Find Companies with Moats
Few businesses survive over generations. Metaphorically speaking, companies that have "moats" are those are able to hold a durable competitive advantage over others. Thereby they would be businesses that have a higher probability of surviving in the future. While each year may not be more profitable than the last, the fact that the company's competitive advantage widens year after year is a sign of a great business. An example of a company with little to no moat at all is Groupon (GRPN). Since Groupon was released to the public a number of different competitors have entered the market including Amazon's Living Social and Google Offers. The discount coupon business model relies on vendors to provide discounts such as coupons to users. These coupons are then sold to users. A portion of the profits would then be allocated to Groupon themselves. However, customers are not loyal to Groupon. If there was a better deal offered on Living Social they would purchase that discount or coupon from that site. Sites like Living Social and Google Offers reached out to the same vendors as Groupon and essentially obtain the same deal for its members.
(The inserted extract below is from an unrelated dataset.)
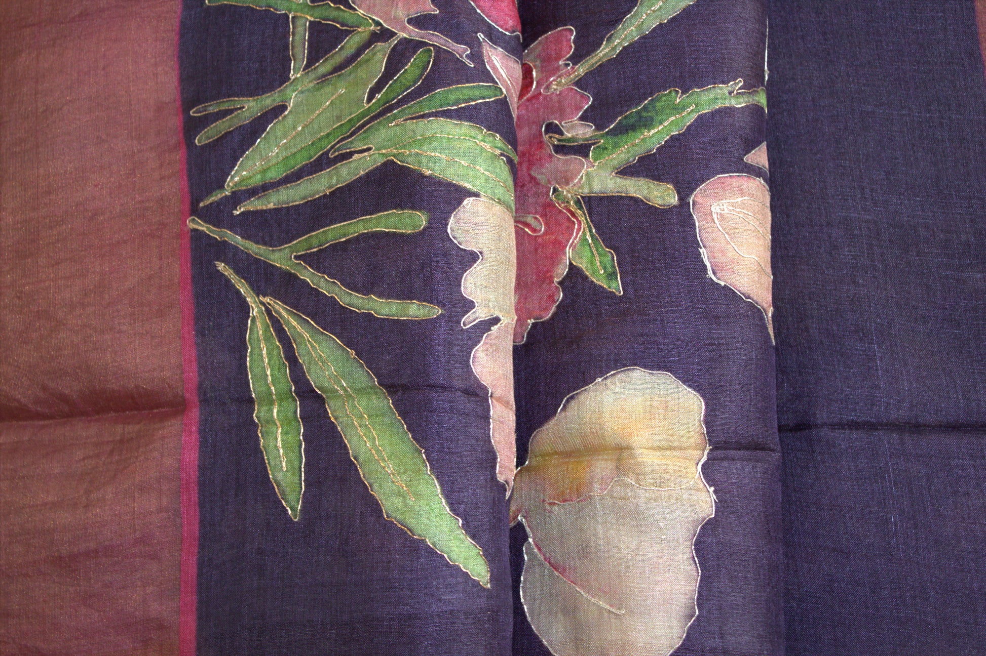 Pure Tussar silk Violet saree with prints and Zari border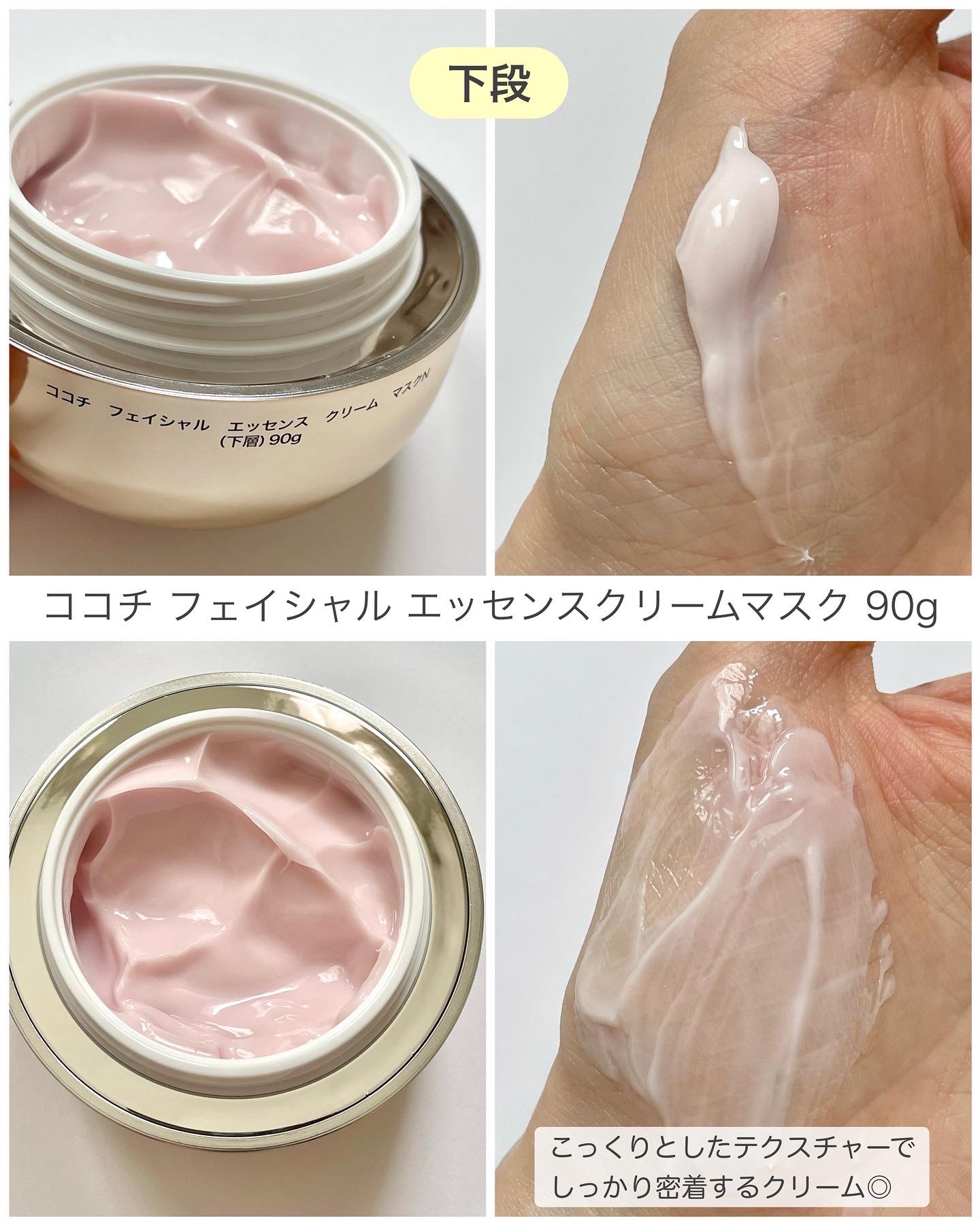 - 水分クリームマスク。クリームとマスクの2ステップで、それぞれに配合された美容保湿成分をお肌に与えます。いつものお手入れに加えるだけで、これまでにはなかったエイジングケア*を。*年齢に応じたお手入れ クリームマスク 90g(下段)/クリーム 20g(上段) 販売名:ココチ フェイシャル エッセンス クリームマスク ココチ リッチ エッセンス クリーム

As a result, Groupon's sales have taken a huge dip losing $81M in the September 9 months ended 2014 compared to $14M loss in the prior year comparable period.

Margin of Safety
Having a "margin of safety" is basically having a cushion to allow for errors in calculation. For example, suppose an elevator was built to hold five tons with a maximum capacity of 5 people. That would mean you would need five people who weighted in total five tons for the elevator to not be able to hold. You build the elevator to handle this amount of weight, just in case even if you know you will most likely not need it. Compare this with purchasing shares in a company, if you believe a stock is worth $20 and you buy it at $15, you give yourself a margin of safety of $5 in case you analysis is incorrect and it's actually worth $17.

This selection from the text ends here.